With 4:12 left in the third quarter of the AFC Championship, New England led Indianapolis 21-13. Peyton Manning threw an incomplete pass to Reggie Wayne in the end zone, and Patriots cornerback Ellis Hobbs was called for pass interference on the play. That gave the Colts first-and-goal from the 1-yard line.The Colts scored and made the two-point conversion, tying a game they would ultimately win. It's impossible to say whether they would have won without that pass interference call, but it certainly helped. And some are saying that was a blown call.

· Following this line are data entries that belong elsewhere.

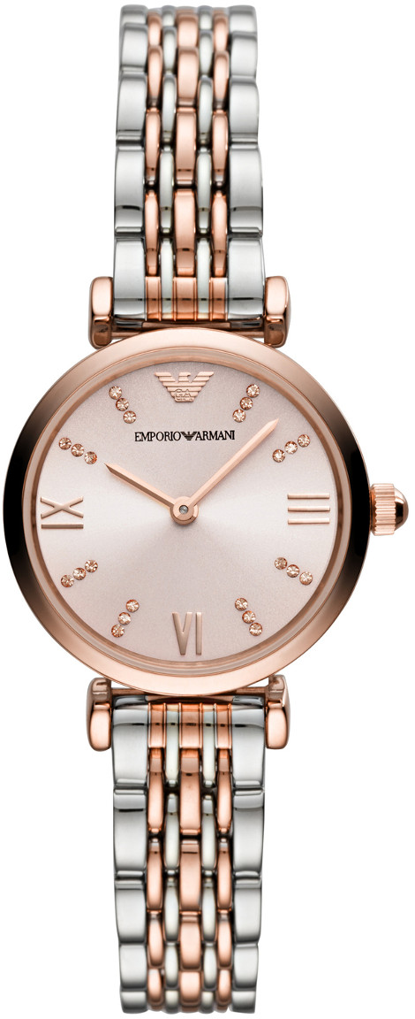Kaksivärinen Emporio Armani Gianni T-Bar AR11223 -rannekello on malliesimerkki legendaarisesta Armani-viehätyksestä. Kellossa on kaunis ruusukullansävyinen kellotaulu, jonka indeksit on korvattu kristallein. Osoittimet on ruusukullansävyiset ja ruusukullan sävy jatkuu kellokehään ja rannekkeeseen. Kello on valmistettu laadukkaasta ruostumattomasta teräksestä. Tässä sirossa mallissa rungon halkaisija on 32 mm ja rannekkeen leveys 14 mm. Kaikille Emporio Armani -kelloille myönnetään 2 vuoden takuu ja ne toimitetaan valmistajan alkuperäisessä rasiassa.
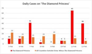 The unfolding story of the cruise ship The Diamond Princess, off Japanese coast is instructive. In terms of positive cases of Covid-19, The Diamond Princess has been termed as “the second largest country in the world right now behind only to China”. The following graph shows clearly what 2019-nCoV can do in a relatively crowded space with space constraint. Experts have termed passenger population density as a reason for the rapid spread of the virus. Sounds very familiar, if one knows Indian urban spaces and hospitals. Therefore, the cruise ship is a particularly interesting part of this outbreak for countries like India. As of 12th February, of a total of 441 confirmed cases outside China, a staggering 175 are on The Diamond Princess alone. Recent reports indicate that on 13th February alone, 44 more travelers have tested positive, including Indians.
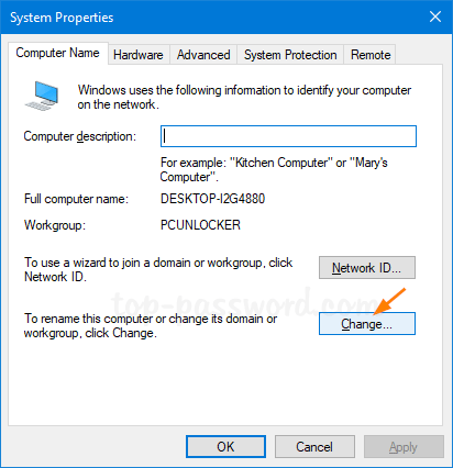 當“系統屬性”窗口打開時,單擊改變按鈕。
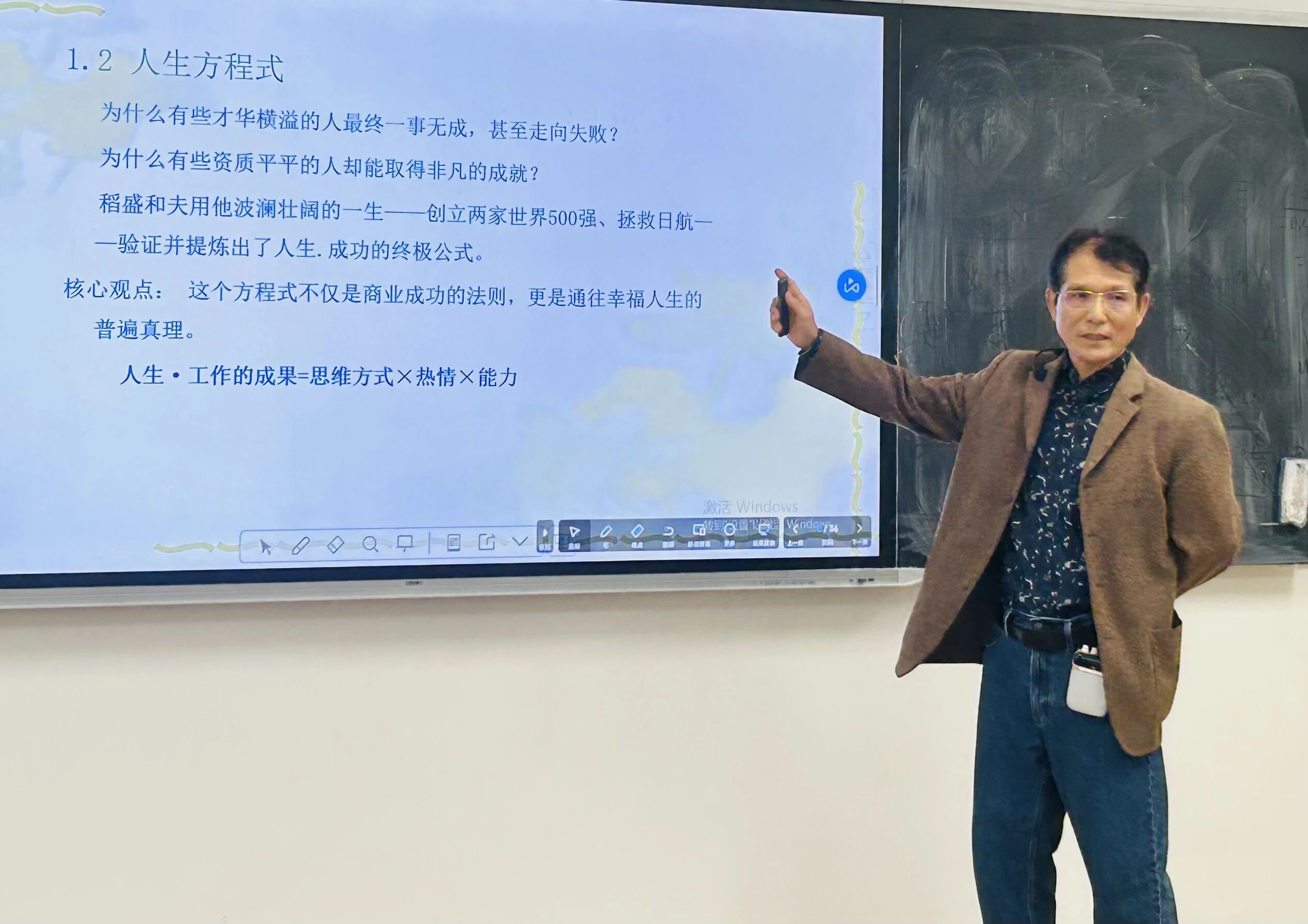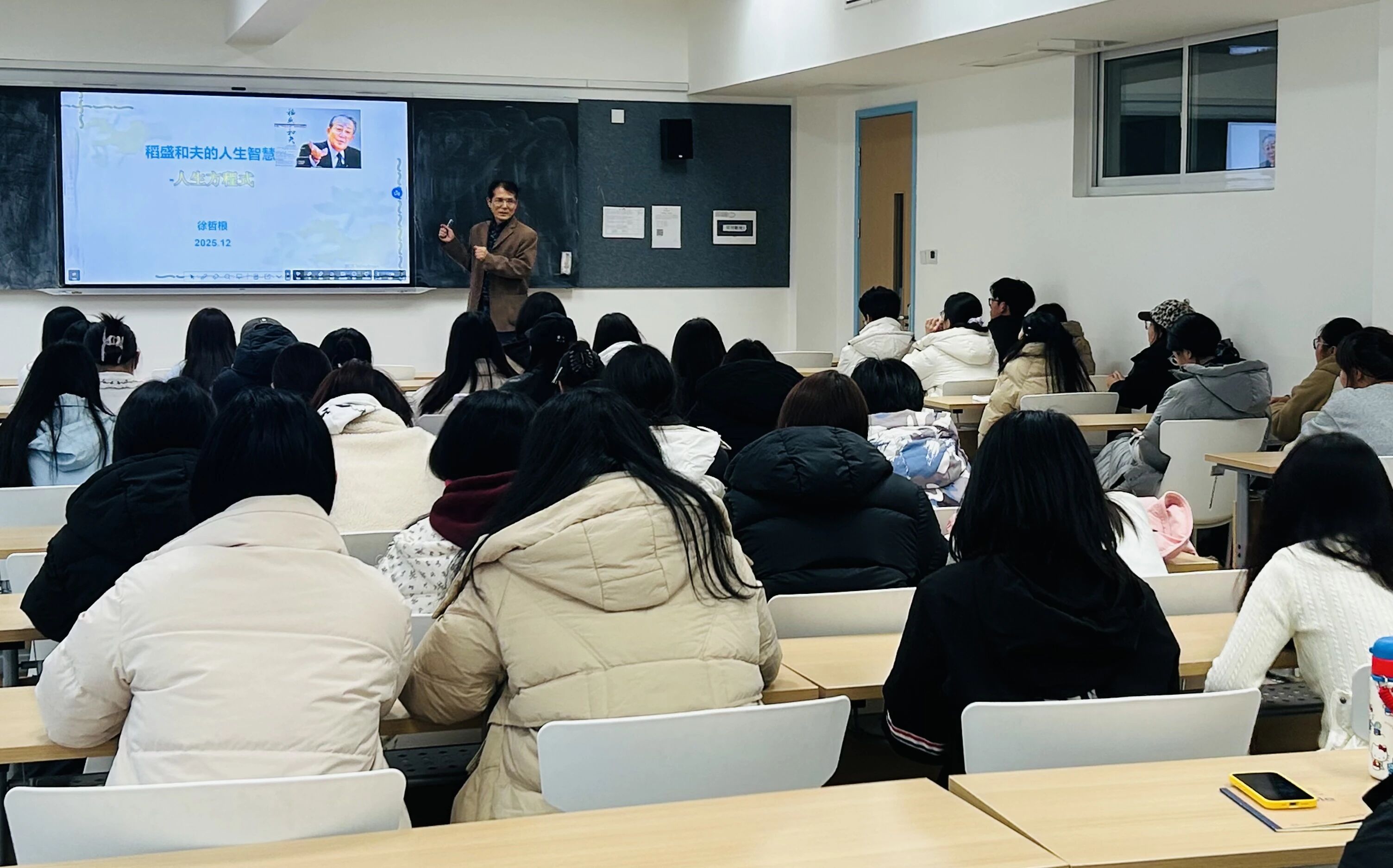12月10日下午,语言文化学院日语系徐哲根教授在知新楼518教室为日语专业大一学生带来了题为《稻盛和夫的人生智慧》的精彩讲座。讲座深入浅出地解析了日本“经营之圣”稻盛和夫的核心哲学思想,为新生们提供了宝贵的成长启迪。
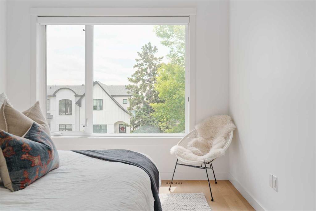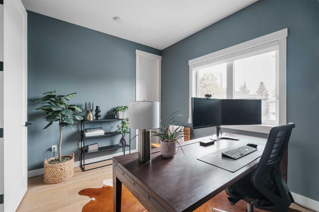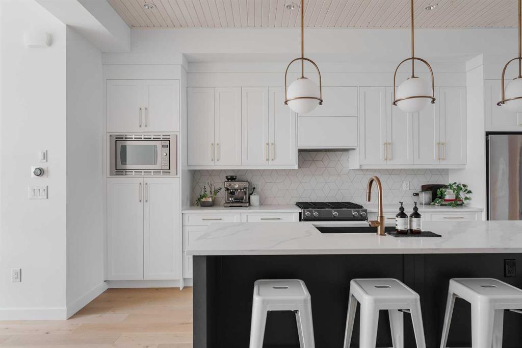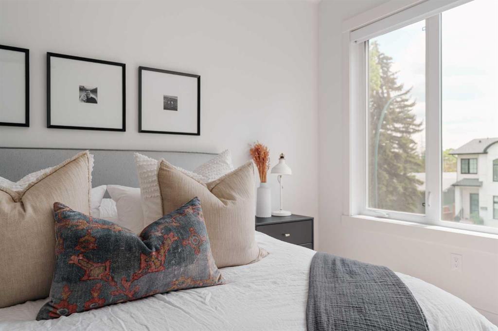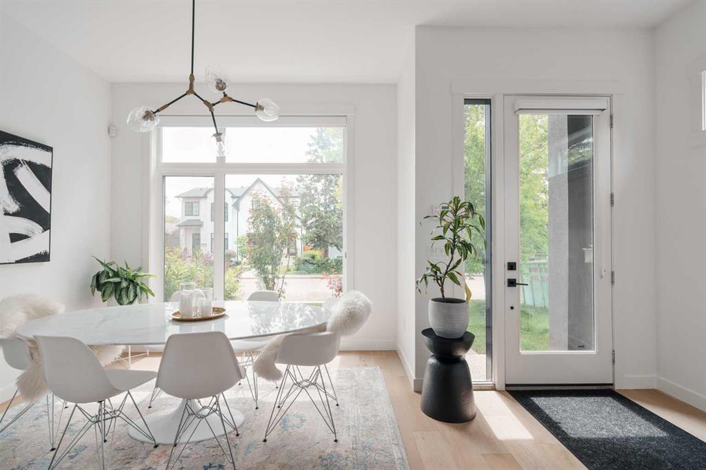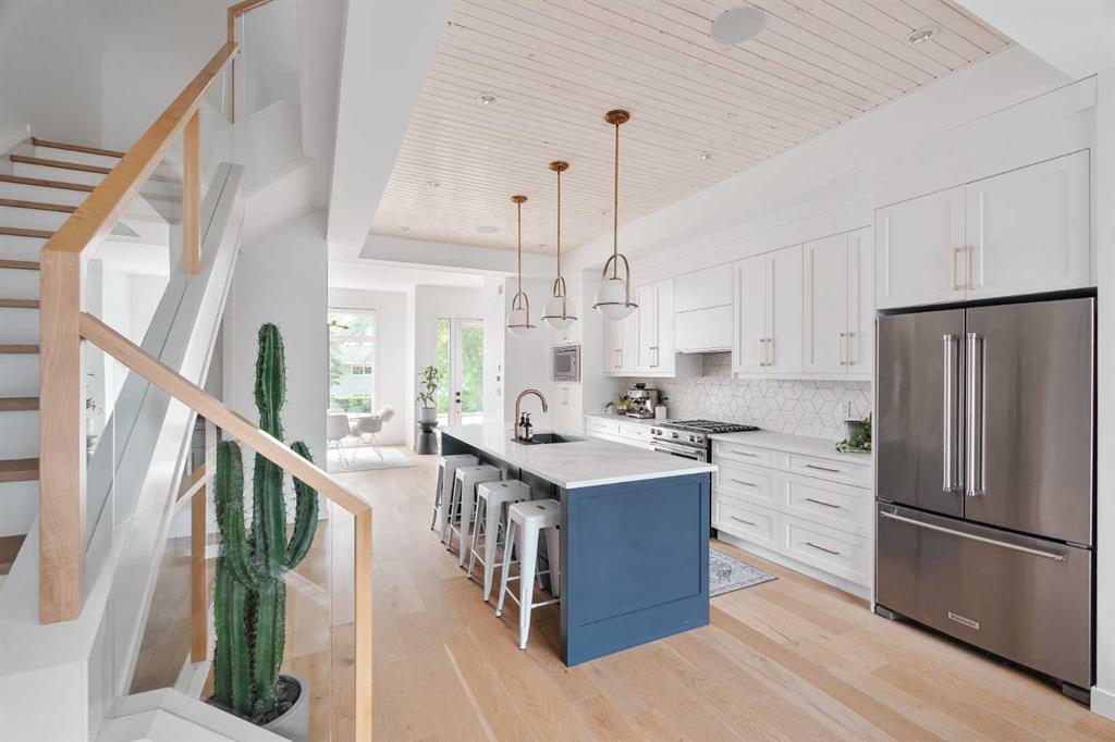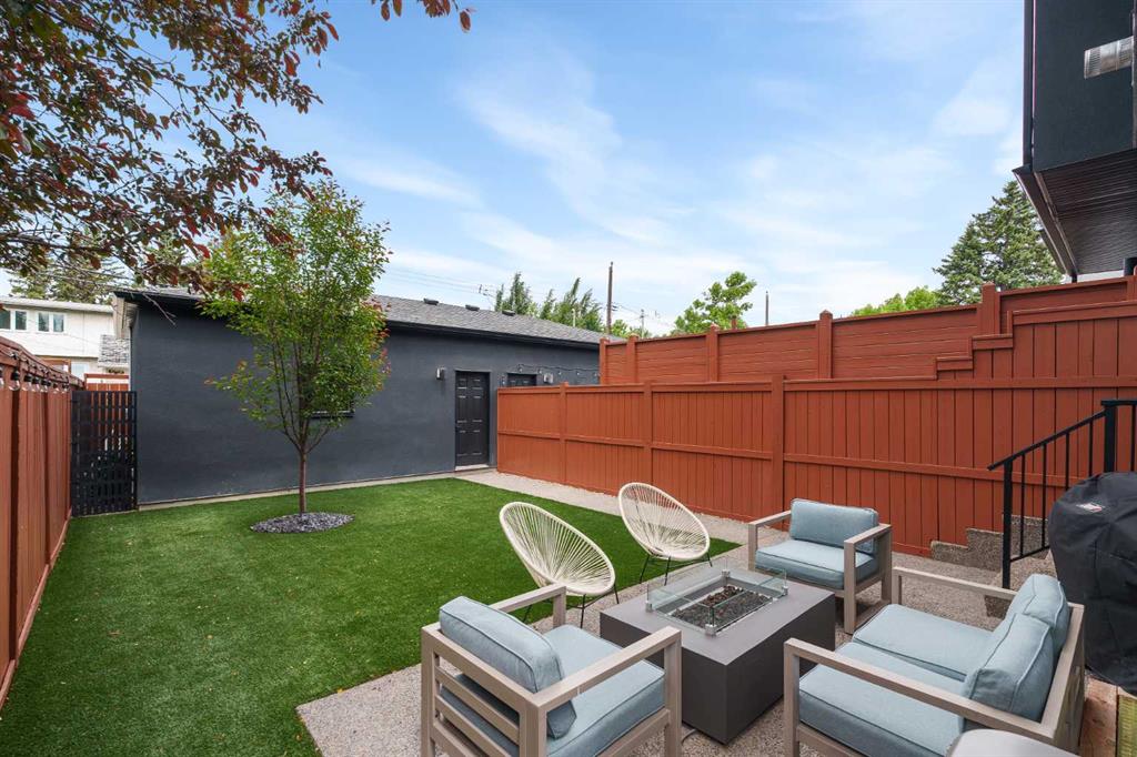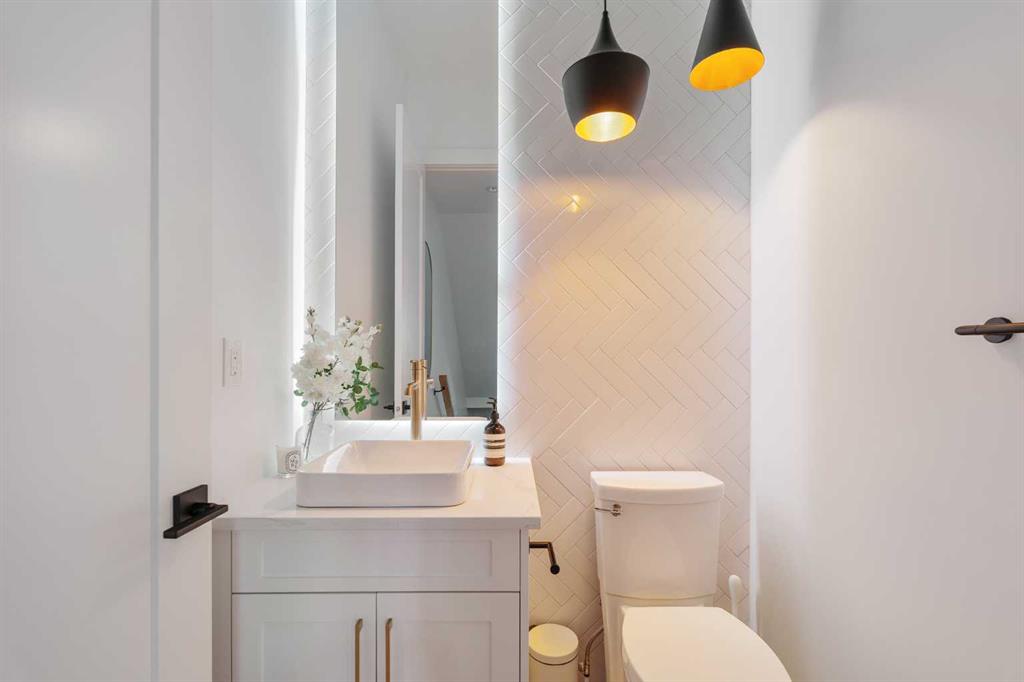 From the moment you step inside, this beautifully appointed and impeccably finished semi-detached home offers an elevated sense of style, comfort, and understated luxury, with beautiful natural light that pours through the open-concept main floor and Hunter Douglas blinds throughout. Just off the front entry is the formal dining room, offering a refined space for hosting and everyday gathering alike. From there, the main floor unfolds into a stunning central kitchen, thoughtfully designed to balance beauty and practicality. Crisp white cabinetry is paired with quartz countertops, striking geometric backsplash, and stainless-steel appliances including a gas range, while the large centre island with seating creates an inviting focal point for casual dining, conversation, and culinary creativity. An upgraded wood plank ceiling detail adds architectural interest, and pendant lighting paired with recessed lighting brings a polished, elevated finish to the space. At the rear of the home, the living room feels both inviting and sophisticated, centred around a gas fireplace and panelled feature wall, with views extending into the backyard. Near the back entry, a built-in bench with hooks creates a stylish everyday drop zone. An elegant staircase with glass and wood railings draws the eye upward, and as you ascend, you’ll discover a full bath, and three bedrooms with hardwood flooring throughout. The primary suite is a true retreat, beautifully appointed with a vaulted ceiling, a spacious walk-in closet with custom organizers, and a beautifully curated ensuite hidden behind a barn door. Finished with patterned tile floors, a freestanding soaker tub, heated floors, a glass-enclosed walk-in shower, and a skylight, the space feels both serene and beautifully elevated. Hunter Douglas blinds continue on this level, including blackout blinds, add comfort and quality throughout the upper level. The fully developed basement offers exceptional additional living space, anchored by a spacious rec room with upgraded built-ins and a beautifully enhanced wet bar area, perfectly suited to entertaining or unwinding at the end of the day. A fourth bedroom, a full bathroom, and ample storage complete this lower level with both style and practicality. Outside, the backyard has been thoughtfully upgraded with premium artificial turf, creating a polished, low-maintenance outdoor setting, while the insulated garage adds further convenience. Additional upgrades include central air conditioning, a new roof (2024), a new hot water tank (2025), repainted fence and front shingles, dimmers throughout, HRV, and roughed-in speakers. Tucked into the heart of North Glenmore Park, the home enjoys a wealth of nearby recreation and proximity to schools. Close to the Glenmore Athletic Park, Lakeview and Earl Grey Golf course, reservoir pathways and Weaselhead Flats.
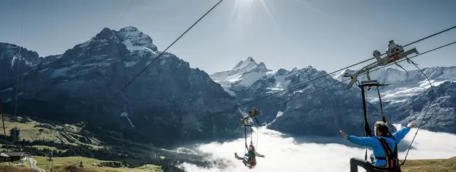 2つ目のアトラクションはフィルスト・フライヤー。フィルスト駅からひとつ下のシュレックフェルトまで、全長800m、時速84キロで一気に降下。

Vic Ketchman writes a great column on the Jacksonville Jaguars' official site, and he says he talked to a league official who told him it was a bad call:
Ellis Hobbs should not have been flagged for pass-interference. He didn't make contact with the receiver and in no way did Hobbs impede Reggie Wayne's ability to catch the pass.
Phil Simms said on the CBS broadcast that Hobbs was called for face-guarding, but former NFL referee Jerry Markbreit says in his own great column on the Chicago Tribune's web site that face-guarding isn't illegal:
A defensive player who makes no contact with an intended receiver, even though he is not looking at the ball, commits no foul ... the interference must have been caused by the defender bumping into the intended receiver, without looking at the football.
Let's put two and two together: Ketchman says Hobbs "didn't make contact" and Markbreit says "A defensive player who makes no contact...commits no foul." It sure sounds like the Patriots got screwed here.
Except that the only person who says the official threw the flag for face guarding is Phil Simms. The referee never said that. And Ketcham is wrong when he says Hobbs "didn't make contact." I just re-watched the tape myself. Hobbs' right hand clearly touched Wayne's left arm.
But the real problem is this: No one has any idea what constitutes pass interference anymore. When I say Hobbs touched Wayne's arm, I mean he just barely brushed it. Is that enough to be pass interference? I don't know, you don't know, and the officials don't know. Different officials call pass interference differently, and until that changes, we're going to have controversies like this.
One final note: As Pro Football Talk points out, the allegedly "classless" Patriots have been, to the best of my knowledge, totally silent about this questionable penalty.